Input data
—————
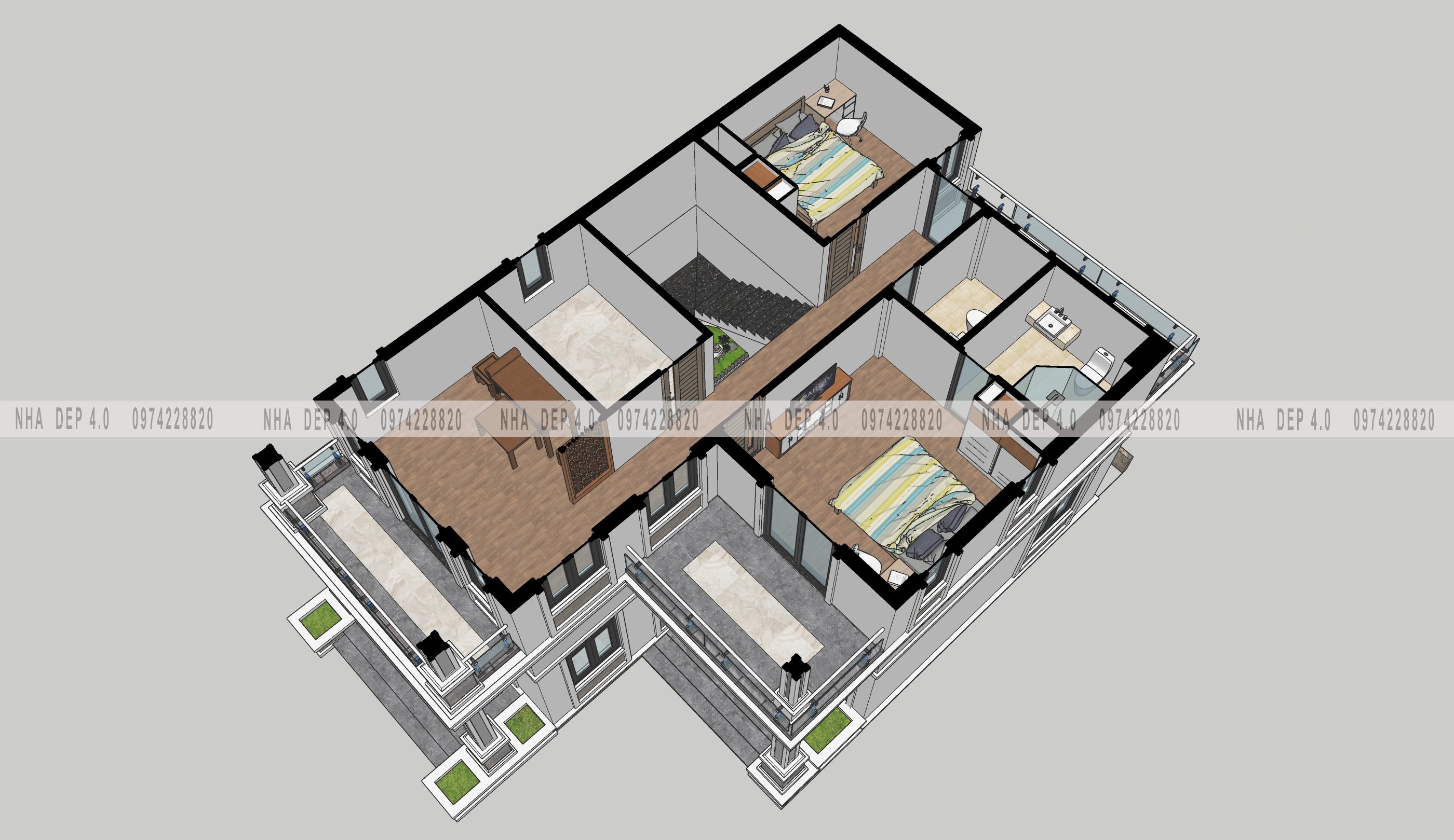 Phối cảnh bố trí công năng + nội thất biệt thự tầng 2
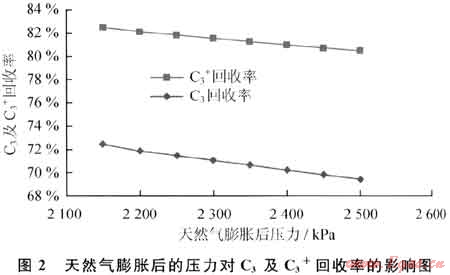 天然氣經(jīng)膨脹機組膨脹后的壓力對C3及C3+回收率的影響如圖2所示。
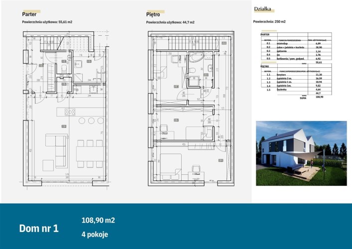 - Powierzchnia użytkowa 108,90 m2, działka ok. 250 m2
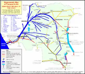 En 2007 les chemins de fer du pays ont pratiquement cessé de rouler en dehors de la ligne Matadi-Kinshasa. A cette date le trafic marchandises par voie ferrée représente moins du dixième de ce qu'il était avant l'indépendance[13].
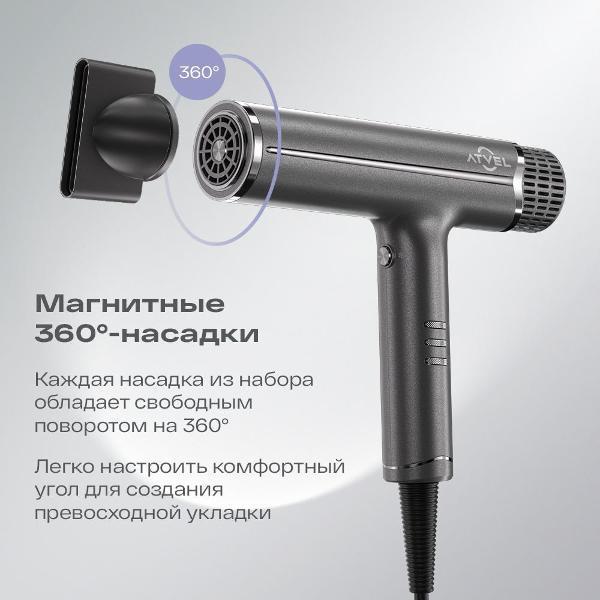 Фен Atvel AirJet HD6 (1200 Вт /серый) - Интернет-магазин ВСЁ В ОДНОМ.РФ: бытовая техника, электроника, товары для дома и др.
—————
Everything in the records except the pictures is to be repeated exactly.

 Phối cảnh bố trí công năng + nội thất biệt thự tầng 2
 天然氣經(jīng)膨脹機組膨脹后的壓力對C3及C3+回收率的影響如圖2所示。
 - Powierzchnia użytkowa 108,90 m2, działka ok. 250 m2
 En 2007 les chemins de fer du pays ont pratiquement cessé de rouler en dehors de la ligne Matadi-Kinshasa. A cette date le trafic marchandises par voie ferrée représente moins du dixième de ce qu'il était avant l'indépendance[13].
 Фен Atvel AirJet HD6 (1200 Вт /серый) - Интернет-магазин ВСЁ В ОДНОМ.РФ: бытовая техника, электроника, товары для дома и др.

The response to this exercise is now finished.